Adoption searches are often moved along by tiny bits of truth pulled from the depths of memory. I know somewhere in this narrative there is enough truth that something will ring a bell. We have a family of 6 children living in the area, not so long ago. Between siblings and neighbors, someone remembers this young mother who tried so hard to keep her baby. Someone remembers a Christmas baby name Matthew who went away and was never seen in Kingston again. I KNOW that someone remembers something. Frank and his family are coming to NY in June and one of the primary reasons for the visit is to do some serious ground work for his search. I can only hope that with your help, we can find his family and maybe, that visit will be an adoption reunion instead of a search.
How You Can Help this Man Find His Mom
If you have any clues or leads or even just a “my cousin had a friend and I think the younger sister had a baby.. their name was…” you might hold the key to Frank’s adoption search! Please feel free to leave a message here in the comments of this blog . I promise that this one time I won’t give you embarrassing names if you use the anonymous settings. You can also send an email to fixadoption at gmail.com and I promise not to reveal any sources either.
With Frank’s permission, we have a page on Facebook. Please come on over and even just by sharing the page to your local Hudson Valley network of friends and family, you are helping to pave the way for Frank.
Every human being longs for the comfort of their mother. Every person has the human right to look into the eyes of those from which they came. Even a little baby has a right to know their medical history. And somewhere out there is a mother, slightly over 50, who wonders what happened to that little boy that she so valiantly tried to parent.
With your help, we can make a miracle happen. Thank you.
I think that you should run an ad in the personals in the town that your mother is from and make it simple ..boy born 1976 on Christmas day searching for mother given up for adoption thru…. please help..to find out all info and refer them to this page and Frank…you should even put your phone number in the personal..You can probably do this over the internet putting it in what ever local papers you can find. A lot of people read the personals and maybe perhaps….this story will ring a bell to someone.
Thanks for the idea!
The adoptive parents should have the name of the attorney who handled the private adoption as well as his adoption decree. The adoption decree should give his last name at birth. If the attorney was youngish at the time he may still be alive and even practicing law. Even if he has retired or is deceased his files would have been transfered to another attorney. The attorney would have known Frank’s first mother and her family.

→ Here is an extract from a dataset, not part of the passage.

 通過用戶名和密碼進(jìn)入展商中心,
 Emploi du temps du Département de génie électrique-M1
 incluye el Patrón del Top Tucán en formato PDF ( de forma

Have you checked for Facebook pages for those high schools? I’m checking now. Got to find Franks mother. She had more guts than me. I folded like a house if cards.

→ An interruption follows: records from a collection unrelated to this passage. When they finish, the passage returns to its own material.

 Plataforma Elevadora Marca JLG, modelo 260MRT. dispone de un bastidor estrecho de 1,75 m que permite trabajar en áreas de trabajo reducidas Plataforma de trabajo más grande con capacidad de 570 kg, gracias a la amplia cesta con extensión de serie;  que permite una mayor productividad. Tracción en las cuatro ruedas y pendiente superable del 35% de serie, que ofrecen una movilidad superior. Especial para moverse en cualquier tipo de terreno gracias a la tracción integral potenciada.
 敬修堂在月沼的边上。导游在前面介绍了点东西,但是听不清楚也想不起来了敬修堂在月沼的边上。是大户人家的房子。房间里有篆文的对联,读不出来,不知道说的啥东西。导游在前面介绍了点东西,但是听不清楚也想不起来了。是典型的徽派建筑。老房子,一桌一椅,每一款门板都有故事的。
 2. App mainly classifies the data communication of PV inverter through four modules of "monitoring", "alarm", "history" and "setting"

Try running a “Letter to the Editor” in the Daily Freeman, everybody from the area reads that paper(even though most wont admit to it lol) but that section is the most popular.

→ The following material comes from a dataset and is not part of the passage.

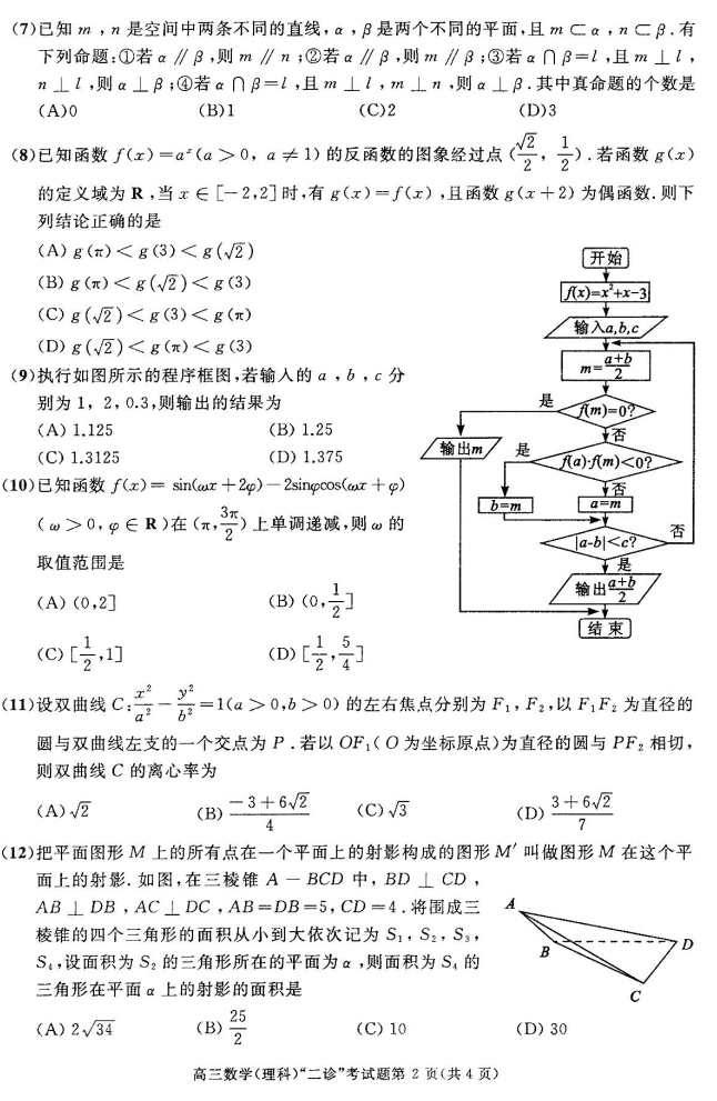 成都市2014级高中毕业班第二次诊断性监测理科数学试题及答案(2)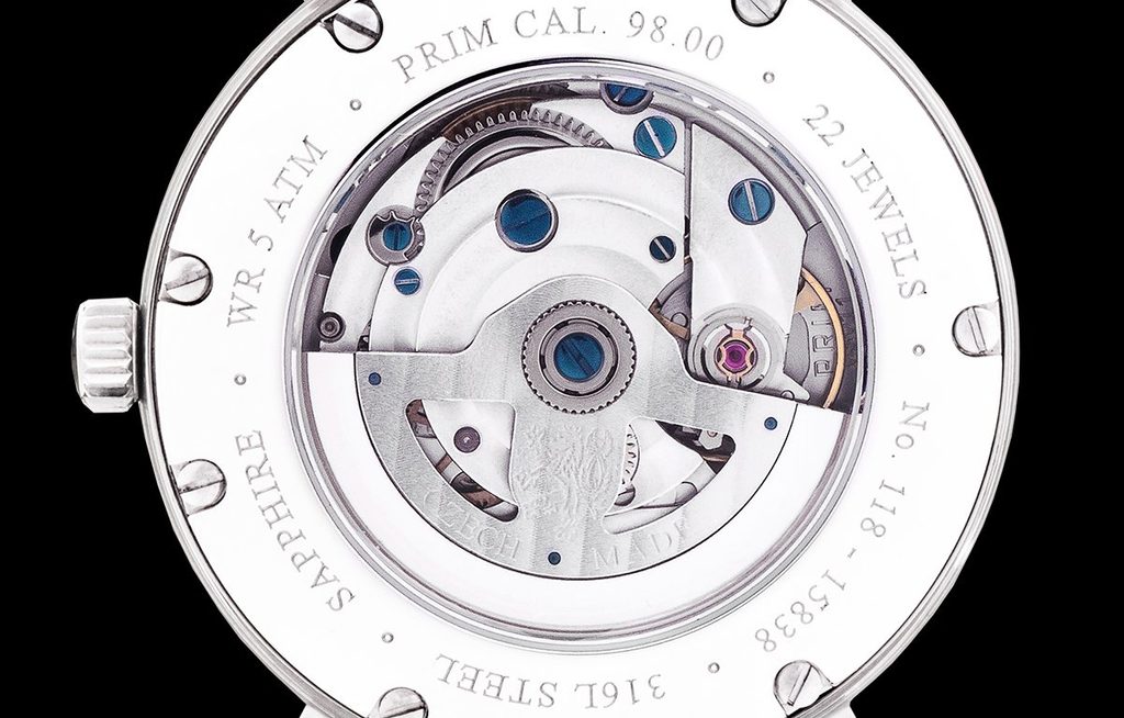 The PRIM PAVOUK 40 C 98-246-340-00-1 model is also characterised by a dial with a complex embossed relief and raised indices, which, like the hands, are either in the metal of the case or in rose gold. The case is made of stainless steel in the basic version, but can also be made of yellow, white or rose gold on request. Customers can also choose from four dial colour options. The watch is equipped with an in-house manufacture movement with manual winding PRIM calibre 98.00.

I wish you allot of luck in your search, I have adopted my three granddaughters, and I can’t imagine them not knowing their birth parents, whether they wanted to be involved in their lives or not!!! It is their right!!!!
FYI, there are yearbooks from Kingston High on Classmates.com for years 1972, 73, 75 & 76.
One would think that a small community like Kingston, finding the missing pieces would be easy. Sadly they are not. My spouse has the delivery doctors name and lawyer, all dead ends. The lawyer will not even return our calls. How no one can remember a teenager pregnant at either Saugerties HS (father) or Kingston in 1976 (possibly mother) is baffling. Dead end searches and disappointments or promises if we find lots of money to help. This crazy world of adoption has us loosing our minds and hearts.